Mahkeme lideri, iddianameyi ve sanığın üzerine atılı hataları hatırlatarak Şahin Şaşırmaz’a kelam verdi. Şaşırmaz, kardeşlerini çok sevdiğini, ortalarında bir hasımlık olmadığını ve bilerek ziyan vermediğini sav ederek, “Normalde o sabah işe gitmem gerekiyordu lakin işe gidersem öleceğimi hissettim. Sesler duyup halüsinasyonlar görüyordum. Bu nedenle işe gitmedim. Songül’ü aradım; 2 ekmek alıp konuta gelmesini söyledim. Abbas ağabeyim de geldi, birlikte kahvaltı yaptık.” dedi.

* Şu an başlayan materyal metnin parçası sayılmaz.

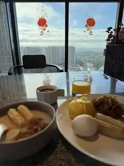 The hotel's decor is very new and clean, and the included breakfast is a great selling point. Breakfast is served on the 25th floor, the highest floor of the hotel, and having breakfast by the window is a delightful experience 😌. The breakfast food is not subpar at all, with three types of porridge to choose from, and it's a buffet!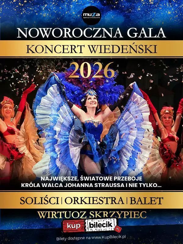 Noworoczna Gala - Koncert Wiedeński został stworzony z potrzeby połączenia najwyższej klasy profesjonalizmu i serca natchnionego muzyką. Noworoczna Gala dzięki swojej wyjątkowości pozwoli zbliżyć się do tradycyjnego koncertu galowego w Wiedniu, pełnego szelestu błyszczących sukien, wśród widoku rozlewanego szampana i odgłosu stukających obcasów. Zapraszamy w tę wspólną, ponad dwugodzinną, podróż muzyczną! Bilety do nabycia na: KupBilecik.pl

“KENDİMİ İLAH OLARAK GÖRÜYORDUM”
Son 1 aydır uygun olmadığını öne süren Şaşırmaz, “İlaç kullanıyordum ve kendimi ilah üzere görüyordum. Bazen kendimi Atatürk üzere görüyordum. Daha evvel de mevlüt yemeğine gittiğim vakit çırılçıplak soyunmuşum, hiç hatırlamıyorum. Ben kardeşlerimi yalnızca birlikte çay içelim diye meskende topladım. Sonra Abbas ağabeyimin başından çıkan bir şey gördüm, şeytan olduğunu düşünüyorum. Son 1 ay ilacımın dozunu tabip düşürdü sanırım o doz bana yetersiz geldi. Kardeşlerimi düşman olarak görmeye başlamışım. Benden korkmaya başlamışlar. Kendimi daima tehdit altında hissettiğim için bıçak taşıyordum. Olay günü de bıçağı çıkardım, ‘gidin evden’ dedim; sonrasını hatırlamıyorum sanırım atak geçirmişim. Ben hastaneye yatıp tedavi olmak istiyorum.” dedi.
“ÖLDÜRECEĞİ BELLİYDİ”
Olayda yaralanan Abbas Şaşırmaz ise duruşmaya Ses ve İmaj Bilişim Sistemi (SEGBİS) ile Malatya’dan katıldı.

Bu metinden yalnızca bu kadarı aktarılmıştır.